# REQUIRED ACTION
In the records below, count every line where the string "will" appears, and reply with the count only.

# PROVIDED ENTRIES
_ _ _ _

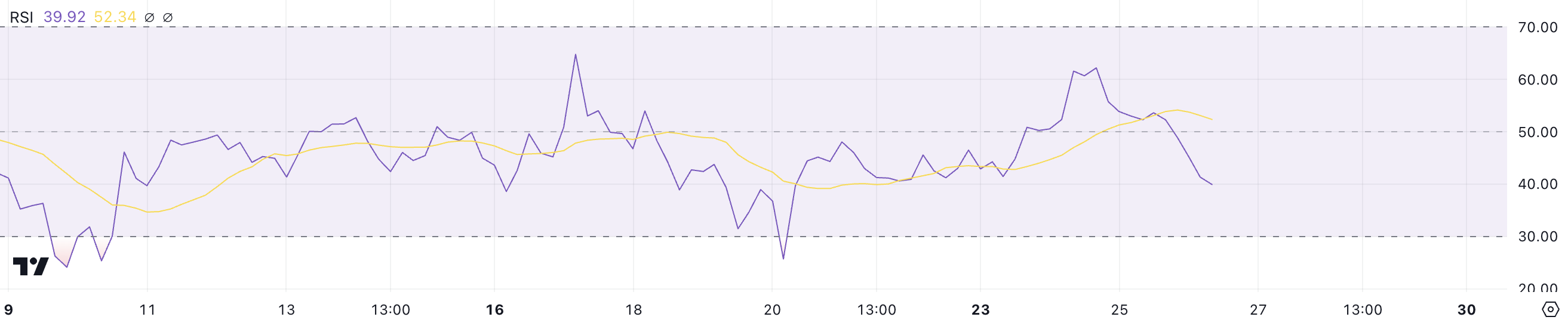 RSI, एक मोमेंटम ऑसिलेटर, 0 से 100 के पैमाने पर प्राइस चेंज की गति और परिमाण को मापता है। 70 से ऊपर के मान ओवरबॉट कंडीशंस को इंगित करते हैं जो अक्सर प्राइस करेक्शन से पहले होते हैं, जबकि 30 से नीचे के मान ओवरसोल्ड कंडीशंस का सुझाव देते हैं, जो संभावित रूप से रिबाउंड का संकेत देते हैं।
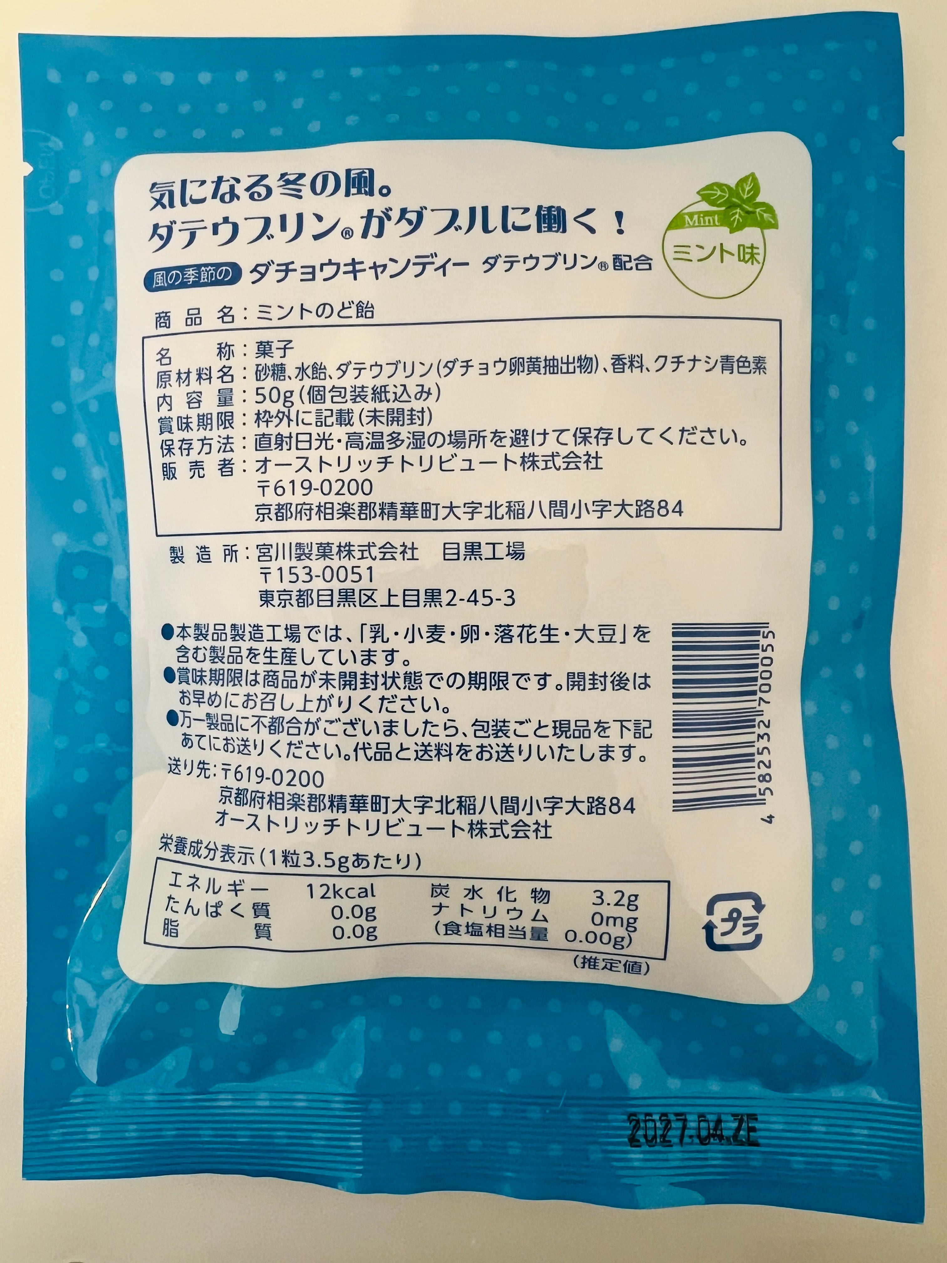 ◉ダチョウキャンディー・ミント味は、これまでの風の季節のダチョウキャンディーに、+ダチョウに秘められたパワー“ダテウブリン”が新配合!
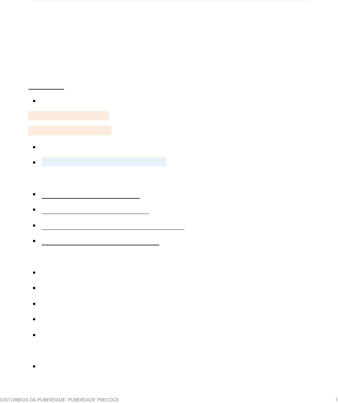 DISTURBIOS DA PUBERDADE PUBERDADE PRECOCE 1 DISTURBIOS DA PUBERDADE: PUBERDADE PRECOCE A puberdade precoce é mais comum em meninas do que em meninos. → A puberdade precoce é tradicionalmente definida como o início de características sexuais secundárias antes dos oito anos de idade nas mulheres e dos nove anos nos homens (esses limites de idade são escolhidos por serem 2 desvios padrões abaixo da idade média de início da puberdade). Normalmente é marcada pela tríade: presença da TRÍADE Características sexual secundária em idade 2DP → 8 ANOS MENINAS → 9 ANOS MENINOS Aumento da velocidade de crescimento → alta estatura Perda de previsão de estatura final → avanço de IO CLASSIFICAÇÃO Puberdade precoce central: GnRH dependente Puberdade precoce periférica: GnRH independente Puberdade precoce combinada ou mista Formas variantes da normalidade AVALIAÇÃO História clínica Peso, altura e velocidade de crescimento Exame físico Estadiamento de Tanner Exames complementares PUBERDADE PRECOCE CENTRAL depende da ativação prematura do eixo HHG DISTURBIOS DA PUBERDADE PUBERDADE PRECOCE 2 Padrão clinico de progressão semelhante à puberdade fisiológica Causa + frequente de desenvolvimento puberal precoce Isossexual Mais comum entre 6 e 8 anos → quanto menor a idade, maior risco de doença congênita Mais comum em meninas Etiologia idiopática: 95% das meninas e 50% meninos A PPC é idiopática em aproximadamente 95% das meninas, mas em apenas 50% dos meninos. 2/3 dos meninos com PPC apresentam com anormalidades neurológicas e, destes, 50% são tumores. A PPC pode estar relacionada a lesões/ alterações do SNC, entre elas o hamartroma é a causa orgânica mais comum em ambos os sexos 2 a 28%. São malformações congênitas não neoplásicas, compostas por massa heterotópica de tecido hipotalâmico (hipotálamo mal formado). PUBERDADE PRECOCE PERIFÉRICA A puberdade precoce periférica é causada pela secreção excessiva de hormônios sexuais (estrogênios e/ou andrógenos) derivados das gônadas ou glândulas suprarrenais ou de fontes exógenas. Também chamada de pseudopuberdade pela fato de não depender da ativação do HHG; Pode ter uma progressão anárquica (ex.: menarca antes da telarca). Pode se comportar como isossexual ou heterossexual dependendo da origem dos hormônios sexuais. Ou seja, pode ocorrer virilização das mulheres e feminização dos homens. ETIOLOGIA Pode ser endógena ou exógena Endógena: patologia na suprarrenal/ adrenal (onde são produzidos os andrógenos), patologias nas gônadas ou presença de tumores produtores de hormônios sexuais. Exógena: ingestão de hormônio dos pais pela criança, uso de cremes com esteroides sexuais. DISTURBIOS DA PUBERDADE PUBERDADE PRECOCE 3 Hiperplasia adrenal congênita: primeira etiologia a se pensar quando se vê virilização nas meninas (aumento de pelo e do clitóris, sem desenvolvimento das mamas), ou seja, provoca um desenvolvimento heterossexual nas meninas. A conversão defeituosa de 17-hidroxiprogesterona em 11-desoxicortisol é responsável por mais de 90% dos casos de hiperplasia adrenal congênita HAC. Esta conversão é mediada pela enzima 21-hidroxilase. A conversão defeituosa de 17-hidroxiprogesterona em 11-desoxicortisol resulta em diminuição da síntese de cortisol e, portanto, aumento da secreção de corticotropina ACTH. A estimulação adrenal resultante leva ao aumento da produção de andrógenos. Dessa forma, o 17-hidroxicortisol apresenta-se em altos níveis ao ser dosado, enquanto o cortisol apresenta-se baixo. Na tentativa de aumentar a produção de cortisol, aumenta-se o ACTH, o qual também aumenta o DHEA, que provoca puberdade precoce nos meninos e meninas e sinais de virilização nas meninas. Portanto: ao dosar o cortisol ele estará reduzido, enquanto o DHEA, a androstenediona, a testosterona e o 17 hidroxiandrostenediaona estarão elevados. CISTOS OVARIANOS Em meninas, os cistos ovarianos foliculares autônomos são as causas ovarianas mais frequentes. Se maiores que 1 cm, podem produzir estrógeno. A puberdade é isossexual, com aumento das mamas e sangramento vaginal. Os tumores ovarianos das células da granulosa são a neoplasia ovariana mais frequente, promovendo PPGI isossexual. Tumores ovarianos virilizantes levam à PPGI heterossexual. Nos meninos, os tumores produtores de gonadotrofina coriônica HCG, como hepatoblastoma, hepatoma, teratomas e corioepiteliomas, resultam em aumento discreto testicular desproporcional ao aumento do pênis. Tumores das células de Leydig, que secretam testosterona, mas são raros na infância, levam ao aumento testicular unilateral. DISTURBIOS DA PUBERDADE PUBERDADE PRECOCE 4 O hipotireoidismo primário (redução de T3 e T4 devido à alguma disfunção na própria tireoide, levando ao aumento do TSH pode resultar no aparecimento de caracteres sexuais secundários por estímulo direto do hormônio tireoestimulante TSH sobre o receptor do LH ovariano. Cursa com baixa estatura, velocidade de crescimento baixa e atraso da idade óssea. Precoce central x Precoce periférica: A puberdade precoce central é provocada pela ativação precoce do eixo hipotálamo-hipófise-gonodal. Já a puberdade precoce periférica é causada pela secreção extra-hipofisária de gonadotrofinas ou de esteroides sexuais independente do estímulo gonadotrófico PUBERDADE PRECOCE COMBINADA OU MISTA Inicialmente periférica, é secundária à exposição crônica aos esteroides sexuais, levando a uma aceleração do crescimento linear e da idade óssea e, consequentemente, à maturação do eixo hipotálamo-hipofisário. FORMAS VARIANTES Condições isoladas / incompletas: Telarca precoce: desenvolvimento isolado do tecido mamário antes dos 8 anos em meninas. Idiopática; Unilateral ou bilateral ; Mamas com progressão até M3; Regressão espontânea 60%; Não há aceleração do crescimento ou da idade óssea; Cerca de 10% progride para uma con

_ _ _ _

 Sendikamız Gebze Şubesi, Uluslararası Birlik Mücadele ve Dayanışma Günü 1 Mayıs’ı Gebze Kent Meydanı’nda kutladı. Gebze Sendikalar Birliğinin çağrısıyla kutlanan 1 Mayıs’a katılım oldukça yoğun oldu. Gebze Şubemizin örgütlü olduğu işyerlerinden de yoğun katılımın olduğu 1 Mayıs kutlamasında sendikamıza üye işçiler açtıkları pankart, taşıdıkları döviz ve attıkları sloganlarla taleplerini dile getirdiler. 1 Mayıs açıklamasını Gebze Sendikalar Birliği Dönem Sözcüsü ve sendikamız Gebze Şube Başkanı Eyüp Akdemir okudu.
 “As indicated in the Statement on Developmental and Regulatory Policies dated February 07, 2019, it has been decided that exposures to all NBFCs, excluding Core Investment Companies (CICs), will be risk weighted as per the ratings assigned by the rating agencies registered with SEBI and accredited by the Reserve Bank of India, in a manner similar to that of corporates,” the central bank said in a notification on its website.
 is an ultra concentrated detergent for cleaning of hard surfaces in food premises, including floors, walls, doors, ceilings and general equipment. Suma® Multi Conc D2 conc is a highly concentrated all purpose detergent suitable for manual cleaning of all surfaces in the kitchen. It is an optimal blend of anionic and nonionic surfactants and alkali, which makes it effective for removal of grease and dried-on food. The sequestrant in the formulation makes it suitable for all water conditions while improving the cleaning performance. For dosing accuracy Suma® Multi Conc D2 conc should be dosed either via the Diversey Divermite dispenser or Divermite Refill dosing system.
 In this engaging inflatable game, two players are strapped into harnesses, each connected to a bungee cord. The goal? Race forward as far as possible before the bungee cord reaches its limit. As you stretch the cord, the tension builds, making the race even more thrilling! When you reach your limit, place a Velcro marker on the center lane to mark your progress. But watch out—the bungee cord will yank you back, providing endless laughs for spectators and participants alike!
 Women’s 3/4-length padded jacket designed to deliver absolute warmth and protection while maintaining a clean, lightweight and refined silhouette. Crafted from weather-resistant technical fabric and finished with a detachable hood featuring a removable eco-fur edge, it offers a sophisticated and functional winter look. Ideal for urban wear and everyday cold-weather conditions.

_ _ _ _

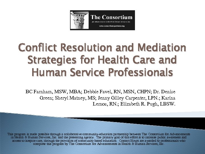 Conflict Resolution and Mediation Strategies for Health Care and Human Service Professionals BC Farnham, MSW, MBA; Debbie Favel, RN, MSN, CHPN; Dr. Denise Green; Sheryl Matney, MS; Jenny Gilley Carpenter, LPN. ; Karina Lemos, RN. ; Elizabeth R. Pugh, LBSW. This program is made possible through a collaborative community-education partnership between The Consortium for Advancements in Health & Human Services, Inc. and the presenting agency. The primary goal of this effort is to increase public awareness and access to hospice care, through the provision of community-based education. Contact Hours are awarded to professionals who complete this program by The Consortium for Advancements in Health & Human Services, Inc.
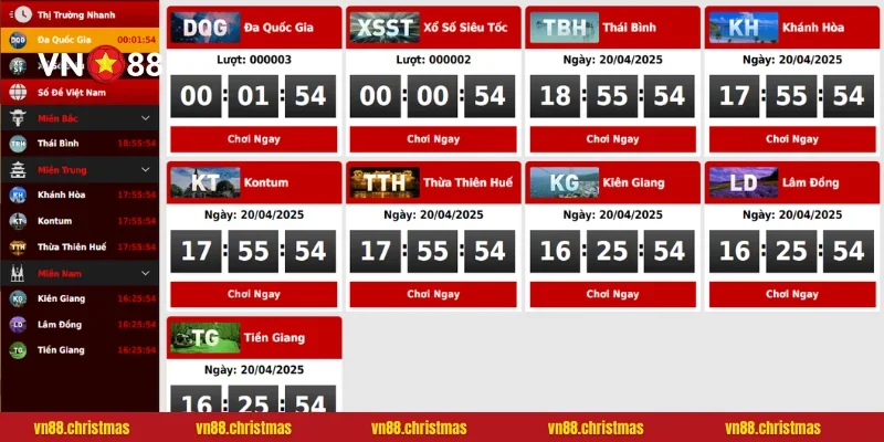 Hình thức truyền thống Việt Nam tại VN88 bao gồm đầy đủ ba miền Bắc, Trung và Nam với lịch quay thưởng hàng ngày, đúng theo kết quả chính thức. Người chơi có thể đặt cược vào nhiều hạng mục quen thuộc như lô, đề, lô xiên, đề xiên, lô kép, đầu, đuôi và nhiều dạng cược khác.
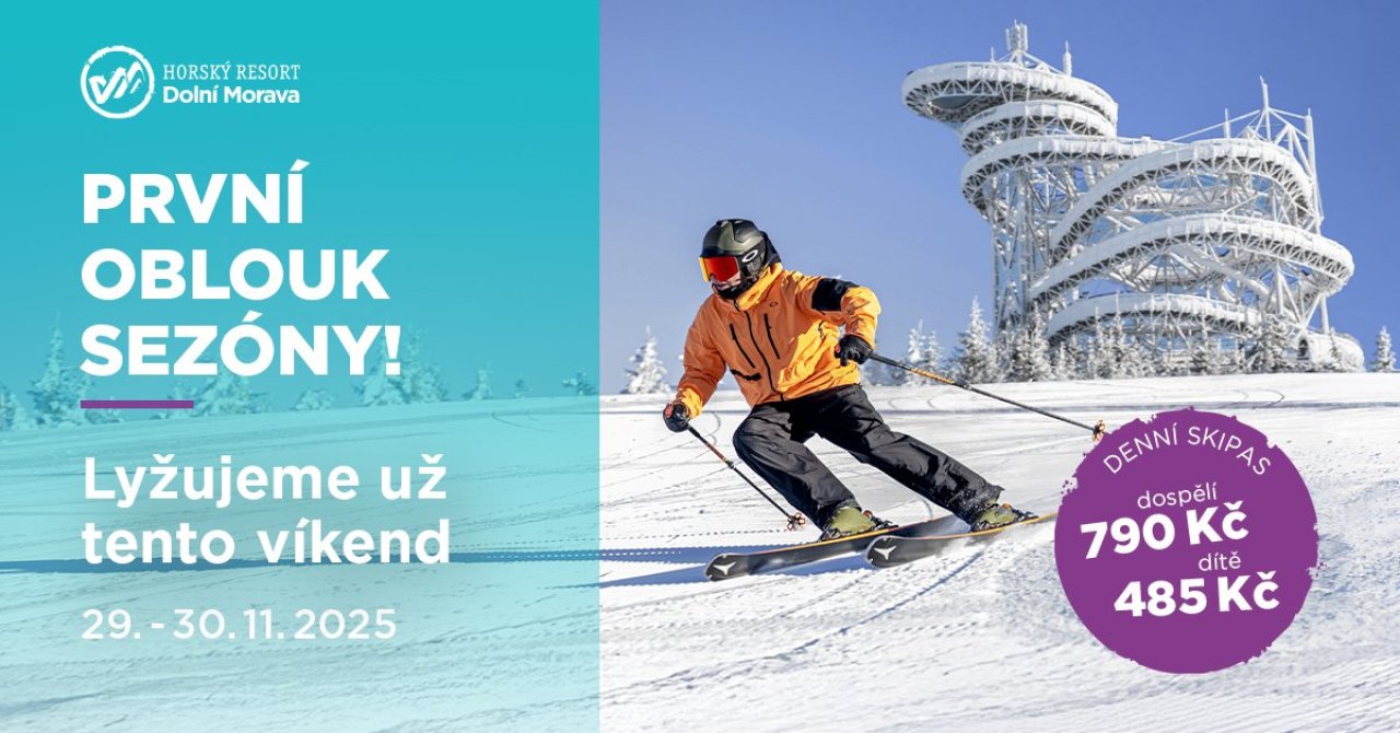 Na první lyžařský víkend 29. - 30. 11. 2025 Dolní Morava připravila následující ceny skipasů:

_ _ _ _

# ANSWER TO THE EXERCISE
2